Au cœur de la stratégie de consolidation de l’État social, l’école publique marocaine vit une transformation profonde dont les premiers indicateurs de performance commencent à dessiner un nouveau visage pour l’enseignement national. Ce mercredi 25 février à Rabat, le Chef du gouvernement, Aziz Akhannouch, a présidé une réunion de suivi de haute importance consacrée à l’état d’avancement de la réforme du système éducatif. Cette rencontre, qui s’inscrit dans la mise en œuvre des hautes orientations de Sa Majesté le Roi Mohammed VI, a permis de réaffirmer que l’éducation demeure la priorité absolue pour le renforcement du capital humain. Le Chef de l’exécutif a souligné que les efforts budgétaires massifs consentis par l’État ne sont pas de simples dépenses, mais un investissement direct dans l’équité et l’égalité des chances pour chaque enfant du Royaume.

La dynamique actuelle repose sur une base solide : la généralisation du préscolaire. Avec un taux de couverture atteignant désormais 80 % et bénéficiant à plus de 985 000 enfants, le Maroc sécurise l’entrée dans les apprentissages dès le plus jeune âge, réduisant ainsi les disparités initiales. Cette réussite structurelle est prolongée par l’extension ambitieuse du programme des « Écoles pionnières ». Véritable fer de lance de la réforme, ce modèle devrait concerner 80 % des établissements primaires dès la rentrée 2026-2027. Les évaluations récentes confirment la pertinence de cette approche, notant une amélioration sensible de la maîtrise des compétences fondamentales, en parfaite adéquation avec la feuille de route 2022-2026 qui vise un taux de maîtrise des acquis de base de 70 %.
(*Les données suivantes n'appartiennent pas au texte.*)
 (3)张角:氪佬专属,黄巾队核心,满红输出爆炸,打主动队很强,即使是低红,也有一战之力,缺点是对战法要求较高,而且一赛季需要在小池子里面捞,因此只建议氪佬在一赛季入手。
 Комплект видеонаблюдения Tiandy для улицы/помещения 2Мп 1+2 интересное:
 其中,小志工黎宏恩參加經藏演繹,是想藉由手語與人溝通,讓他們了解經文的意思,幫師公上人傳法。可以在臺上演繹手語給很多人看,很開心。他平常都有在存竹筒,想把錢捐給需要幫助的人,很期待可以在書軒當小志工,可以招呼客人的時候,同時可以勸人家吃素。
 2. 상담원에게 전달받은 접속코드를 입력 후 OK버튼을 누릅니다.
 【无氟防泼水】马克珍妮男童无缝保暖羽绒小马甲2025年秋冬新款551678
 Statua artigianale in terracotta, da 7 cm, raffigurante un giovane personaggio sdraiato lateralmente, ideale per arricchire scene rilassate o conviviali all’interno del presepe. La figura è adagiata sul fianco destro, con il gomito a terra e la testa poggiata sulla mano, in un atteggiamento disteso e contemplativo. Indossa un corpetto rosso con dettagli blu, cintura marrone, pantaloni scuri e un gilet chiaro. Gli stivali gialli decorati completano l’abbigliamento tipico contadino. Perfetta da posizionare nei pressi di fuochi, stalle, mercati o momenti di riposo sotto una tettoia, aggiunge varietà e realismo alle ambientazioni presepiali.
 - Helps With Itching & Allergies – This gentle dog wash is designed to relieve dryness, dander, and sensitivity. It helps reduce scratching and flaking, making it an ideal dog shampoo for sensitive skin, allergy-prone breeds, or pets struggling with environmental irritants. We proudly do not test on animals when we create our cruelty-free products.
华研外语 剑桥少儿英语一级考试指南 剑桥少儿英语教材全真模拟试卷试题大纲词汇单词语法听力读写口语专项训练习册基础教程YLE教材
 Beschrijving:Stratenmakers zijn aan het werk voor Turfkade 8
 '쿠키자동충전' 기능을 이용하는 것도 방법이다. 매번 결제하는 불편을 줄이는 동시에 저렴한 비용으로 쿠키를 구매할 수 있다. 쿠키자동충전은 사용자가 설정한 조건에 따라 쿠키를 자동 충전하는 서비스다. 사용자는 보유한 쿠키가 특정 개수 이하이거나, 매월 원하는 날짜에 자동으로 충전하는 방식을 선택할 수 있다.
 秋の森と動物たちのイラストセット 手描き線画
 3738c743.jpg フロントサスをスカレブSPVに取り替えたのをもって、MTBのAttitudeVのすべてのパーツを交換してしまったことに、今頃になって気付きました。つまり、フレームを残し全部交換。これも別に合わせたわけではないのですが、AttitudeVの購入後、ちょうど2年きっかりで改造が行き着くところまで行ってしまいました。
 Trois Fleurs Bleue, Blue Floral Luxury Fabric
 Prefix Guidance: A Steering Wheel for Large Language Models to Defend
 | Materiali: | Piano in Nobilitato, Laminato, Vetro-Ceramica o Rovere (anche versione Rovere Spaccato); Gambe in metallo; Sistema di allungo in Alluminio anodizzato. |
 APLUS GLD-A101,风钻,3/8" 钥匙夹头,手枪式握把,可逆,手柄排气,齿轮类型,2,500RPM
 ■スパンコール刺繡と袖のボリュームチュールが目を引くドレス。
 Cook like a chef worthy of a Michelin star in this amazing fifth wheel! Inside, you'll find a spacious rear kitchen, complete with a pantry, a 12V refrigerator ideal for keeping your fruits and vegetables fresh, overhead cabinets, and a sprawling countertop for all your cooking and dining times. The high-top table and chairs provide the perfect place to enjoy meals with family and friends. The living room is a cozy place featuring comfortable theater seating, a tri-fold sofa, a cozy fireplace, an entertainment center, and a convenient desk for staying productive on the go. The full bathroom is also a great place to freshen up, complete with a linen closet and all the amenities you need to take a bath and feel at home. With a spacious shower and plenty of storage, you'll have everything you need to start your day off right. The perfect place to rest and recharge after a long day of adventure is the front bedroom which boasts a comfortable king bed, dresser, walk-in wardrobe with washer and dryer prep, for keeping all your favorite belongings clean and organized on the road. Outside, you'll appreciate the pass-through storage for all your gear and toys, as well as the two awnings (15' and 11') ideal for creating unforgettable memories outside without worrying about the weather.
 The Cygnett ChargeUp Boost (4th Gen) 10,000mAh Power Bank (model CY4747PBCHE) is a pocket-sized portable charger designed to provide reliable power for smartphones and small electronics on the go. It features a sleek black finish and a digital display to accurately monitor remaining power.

L’impact de cette transformation est tout aussi palpable dans le cycle secondaire collégial. Le déploiement des « Collèges pionniers » a produit des résultats encourageants, notamment à travers un accompagnement individualisé qui a permis de diviser par deux le taux de décrochage scolaire dans les zones concernées, passant de 8,4 % à 4,45 %. Parallèlement à ces performances académiques, le gouvernement s’attèle à la modernisation des infrastructures logistiques. La réduction de la surcharge des classes, le développement du transport scolaire et l’extension des internats, particulièrement en milieu rural, constituent les leviers indispensables d’une école inclusive. Cette vision se complète par une ouverture culturelle et linguistique renforcée, marquée par la généralisation progressive de l’enseignement de l’amazigh au primaire et de l’anglais au secondaire, préparant ainsi la jeunesse marocaine aux défis de demain dans un environnement performant et serein.